Approach: To solve the problem follow the below observations:
It can be said that we have to divide the string into many adjacent binaries with the length of 2 where the strings will be either 00 or 11. So, we have to only take care of sequence where s[i] != s[i+1]
- Now in order to find a minimum operation sequence like “1011” should be converted to “1111” and “0100” should be converted to “0000”.
- So, the minimum number of operations is 1. Hence once we make s[i] = s[i + 1] we will move i to i+2 to check whether they are equal or not.
Follow the steps mentioned below to implement the idea:
- Iterate from i = 0 to N-1:
- Check if S[i] is the same as S[i+1].
- If they are the same then no bit flip is required.
- Otherwise, increment the number of flips by 1.
- After each check move from i to i+2.
- The total number of flips calculated is the required minimum answer.
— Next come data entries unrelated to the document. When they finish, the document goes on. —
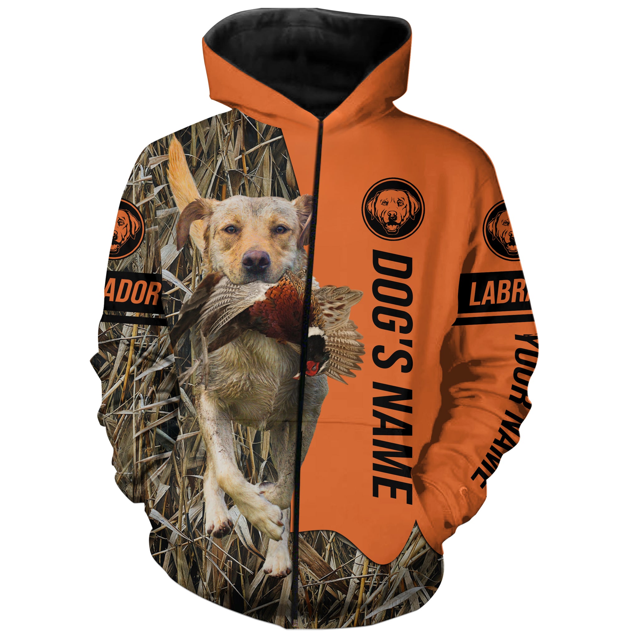 Yellow Labrador Retriever Hunting Dog Customized Name Zip Up Hoodie Shirt FSD4075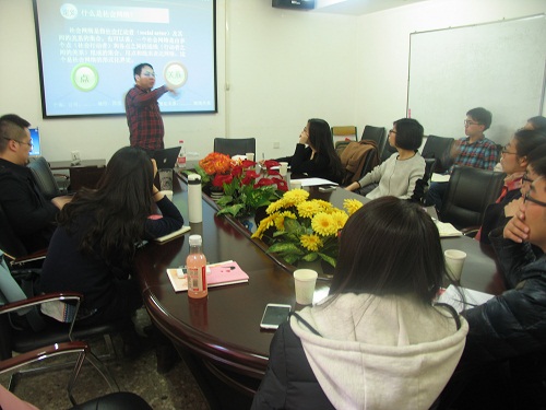 北京财经研究基地专家赵国钦博士做了题为“社会网络分析方法”的学术讲座。他介绍了社会网络分析方法的概念以及核心要素,进而结合世界贸易网络演化的例子介绍了社会网络分析方法的应用,并推荐了相关软件和教程。青年教师和研究生就讲座内容进行了深入的交流和探讨,会议在热烈的气氛中圆满结束。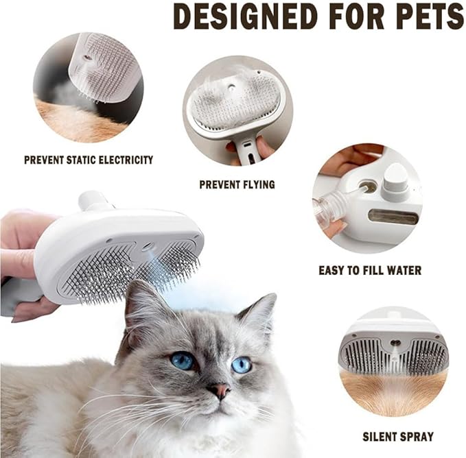 Easy to Use: The cat hair brush is easy to set up,zero assembly. This spray brush with a push of a mist release button puts out just enough steam to keep flyaway hairs at bay. It is versatile and suitable for both dogs and cats.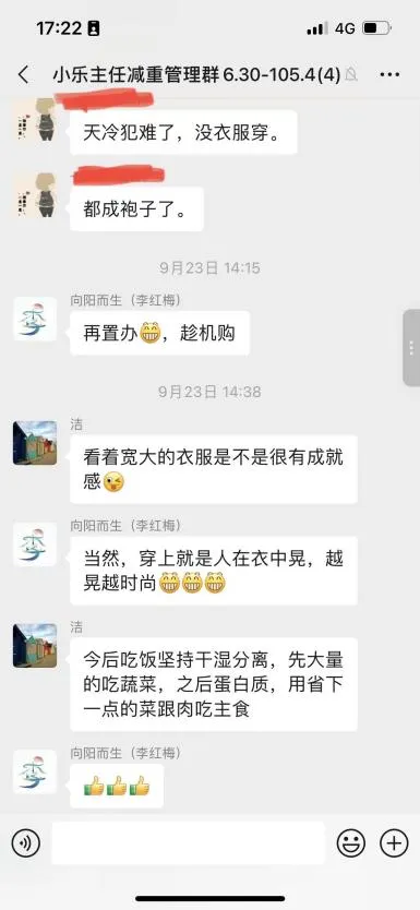 每2周1次线下复诊,建立专属健康管理群,随时解答饮食、运动疑问,比如“聚餐怎么吃不胖”“膝盖不好能做什么运动”,避免学员“孤军奋战”。在群中,专家们进行多对一管理,及时解答疑问,指导患者如何选择及掌握量。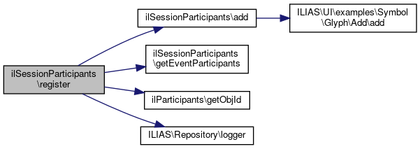 Here is the call graph for this function:| ilSessionParticipants::register | ( | int | $a_usr_id | ) |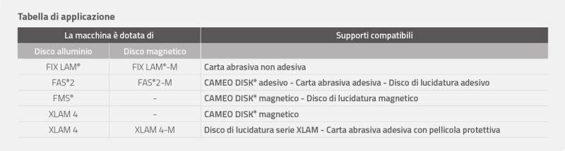 Il sistema FAS® facilita l’incollaggio e il distacco di tutti i supporti autoadesivi (carte abrasive, dischi di pre-lucidatura e lucidatura).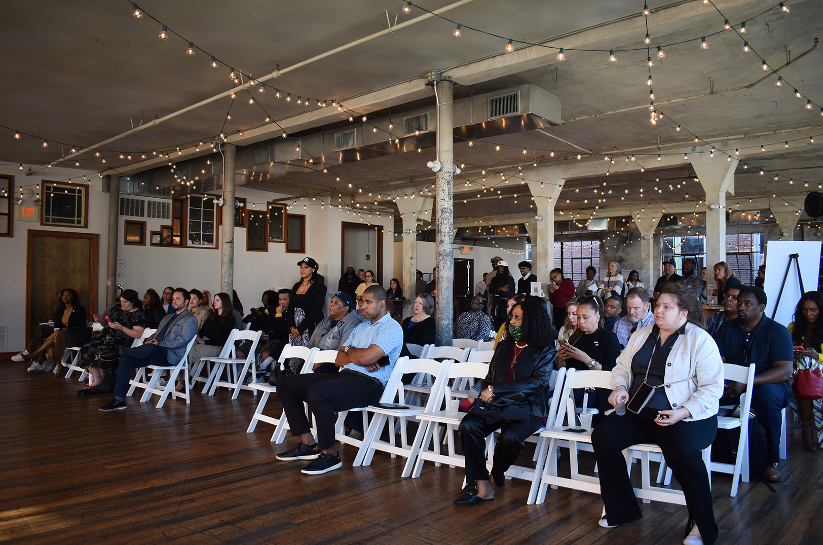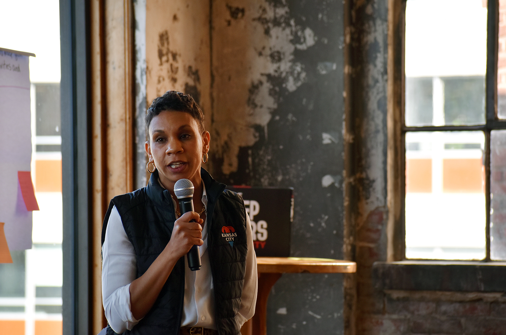 Nia Webster, assistant director of KCMO’s Neighborhood Services Department, which oversees the KC BizCare Office among other operations, addresses a crowd of entrepreneurs and small business representatives in April during a town hall event designed to discuss World Cup challenges and opportunities; photo by Taylor Wilmore, Startland News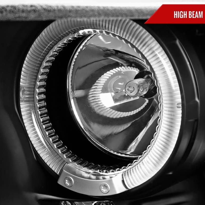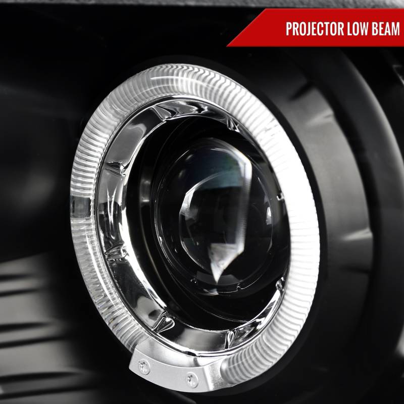 - Matte black housing, clear lens dual halo projector headlights with LED accent lights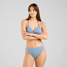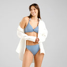 Mittelhoch geschnittene Bikinihose mit einem glatten, klaren Look. Sie sitzt an der Hüfte, hat einen leicht höheren Beinausschnitt für eine definierte Silhouette und bietet mittlere Bedeckung hinten. In Majolica Blue mit dünnen, vertikalen weißen Streifen; doppellagig und außen ohne sichtbare Nähte für ein sicheres Tragegefühl. Gefertigt aus recyceltem Polyester aus Plastikflaschen, der Stoff ist für seinen Recyclinganteil zertifiziert. Kombiniere sie mit dem passenden Streifen‑Top oder einem einfarbigen Bikini‑Top und ergänze ein luftiges Shirt – perfekt vom Strand ins Café.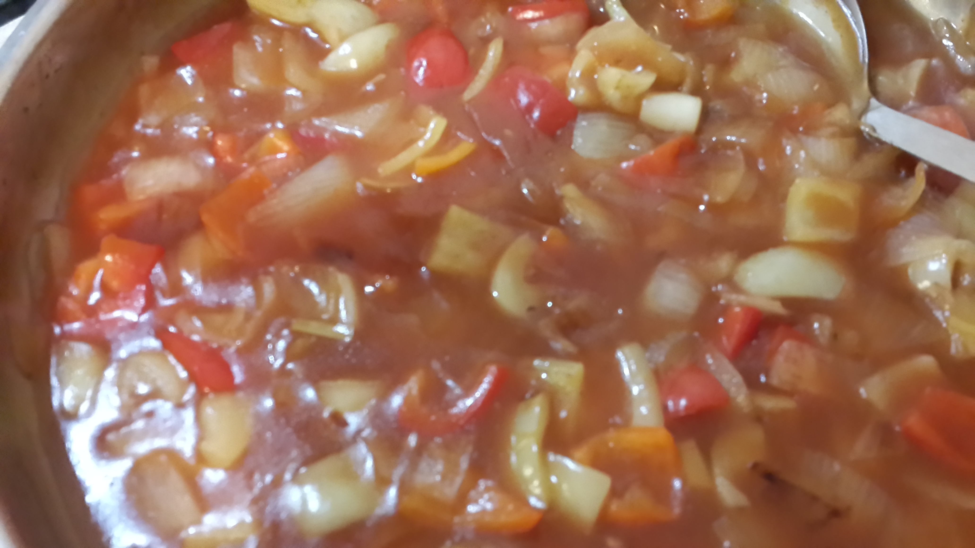 • You will see in the video that the sauce does not contain peppers, onions, and pineapple as we know it. According to the video, that is “pineapple” chicken.  I went ahead and sauteed onions and peppers (and once I added carrots too) in olive oil before adding the sauce to the pan.  Saute just until slightly wilted – they should be more “al dente.”  Add the sauce base.  Then add the thickener.  I used a lot of vegetables because we like it that way.  You can find canned pineapple in most markets in Turkey.  And of course, fresh pineapple when in season.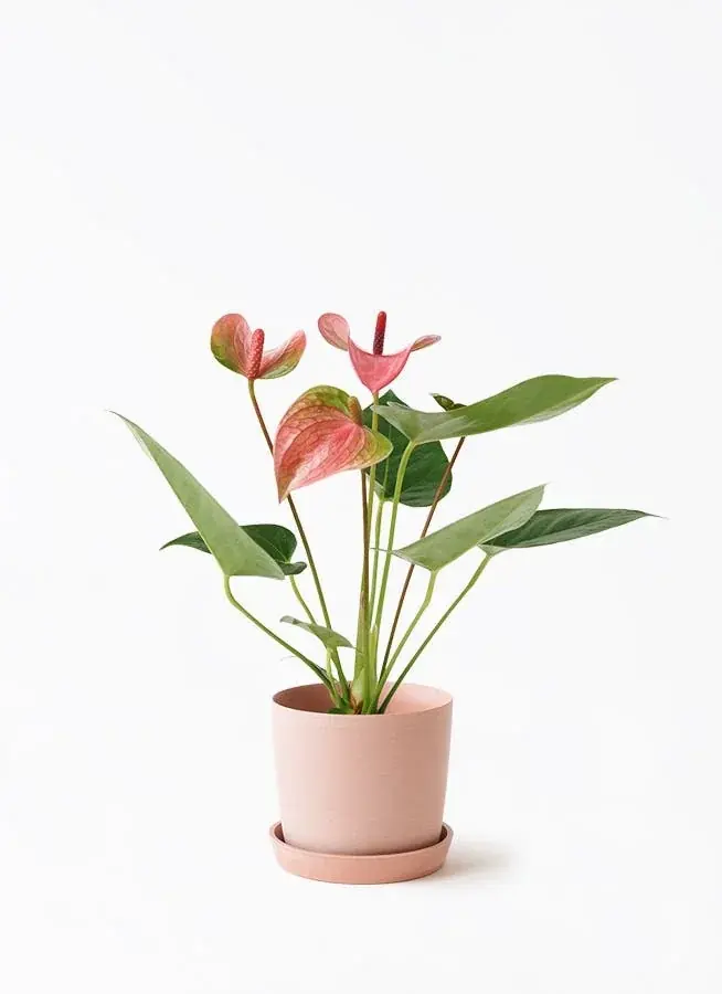 • 観葉植物例:アンスリウム3号(ピンク鉢カバー付)/ガジュマル4号(シーグラスポット付)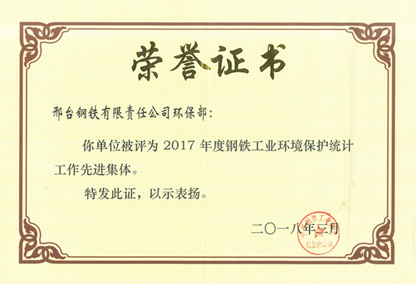 邢鋼被評(píng)為2017年度鋼鐵工業(yè)環(huán)境保護(hù)統(tǒng)計(jì)工作先進(jìn)集體
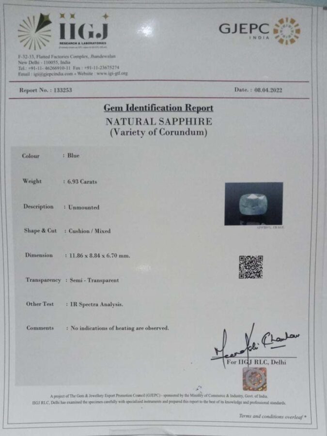 Beautiful 6.93 Ct. Blue Sapphire (Ceylon Mines) Sava 7 Ratti Neelam. Free Horoscope & Free Pundit Ji Advise / Consultation. Original Natural Lab certified gems by IGI GTL / Birth stones / Large Gem Selection of shree shubh Rashi Ratan Vedic dhan at Gem Mines. May Bhagwan Brahma, Vishnu, Shiv & Universe bless you.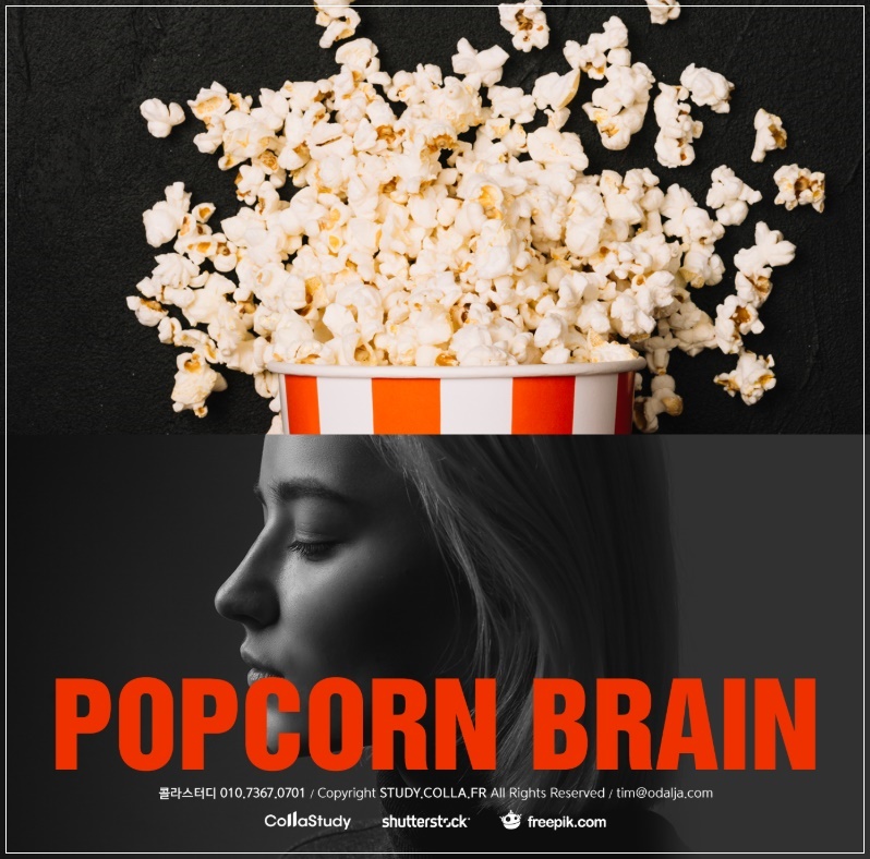 스마트폰을 통한 인터넷 서핑은 일상입니다. 무엇이든 적당히 해야 하는데 지나치면 문제가 됩니다. 인터넷이 대표적입니다. 디지털 기기의 발달로 어디서든 인터넷을 접할 수 있게 되면서 '스몸비(Smombie)', '인터넷 중독 장애(IAD)' 등의 용어가 등장했는데 IAD와 함께 심각한 위협이 되는 것이 '팝콘브레인(Popcorn Brain)'입니다.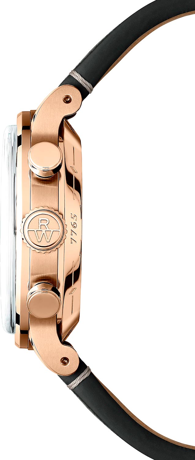 Прозрачная задняя крышка с сапфировым стеклом. Рифленая заводная головка с логотипом RW. Удобный кожаный ремешок с классической застежкой.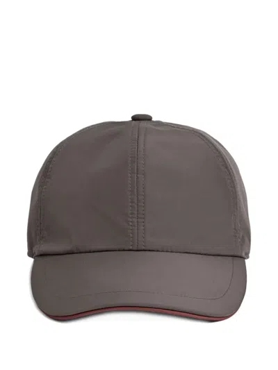 dark grey curved peak topstitching detail elasticated back six panel crown

Below is the implementation of the above approach:
C++14
#include <bits/stdc++.h>
using namespace std;
int solve(string s)
{
int ans = 0;
int n = s.size();
for (int i = 0; i < n; i += 2) {
if (s[i] != s[i + 1])
ans++;
}
return ans;
}
int main()
{
string S = "1110011000";
cout << solve(S);
return 0;
}
|
Java
import java.io.*;
import java.util.*;
class GFG {
static int solve(String s)
{
int ans = 0;
int n = s.length();
for (int i = 0; i < n; i += 2) {
if (s.charAt(i) != s.charAt(i+1))
ans++;
}
return ans;
}
public static void main(String[] args)
{
String S = "1110011000";
System.out.print(solve(S));
}
}
|
Python3
def solve(s):
ans = 0
n = len(s)
for i in range(0, n, +2):
if(s[i] is not s[i+1]):
ans += 1
return ans
S = "1110011000"
print(solve(S))
|
C#
using System;
using System.Collections.Generic;
class GFG
{
static int solve(string s)
{
int ans = 0;
int n = s.Length;
for (int i = 0; i < n; i += 2) {
if (s[i] != s[i+1])
ans++;
}
return ans;
}
public static void Main()
{
string S = "1110011000";
Console.WriteLine(solve(S));
}
}
|
Javascript
<script>
function solve(s) {
let ans = 0;
let n = s.length;
for (let i = 0; i < n; i += 2) {
if (s[i] != s[i + 1])
ans++;
}
return ans;
}
let S = "1110011000";
document.write(solve(S));
</script>
|
Time complexity: O(N)
Auxiliary Space: O(1)
Another Approach:
- We start by defining a function solve that takes a string s as input and returns an integer.
- We then initialize the variables n, count, and flips. n is the length of the string s, count is the length of the current segment, and flips is the number of flips needed.
- We then loop through the string s starting from the second character (i=1) to the end (i<n).
- Inside the loop, we check if the current character s[i] is different from the previous character s[i-1]. If it is different, we have a new segment and we increment the count variable.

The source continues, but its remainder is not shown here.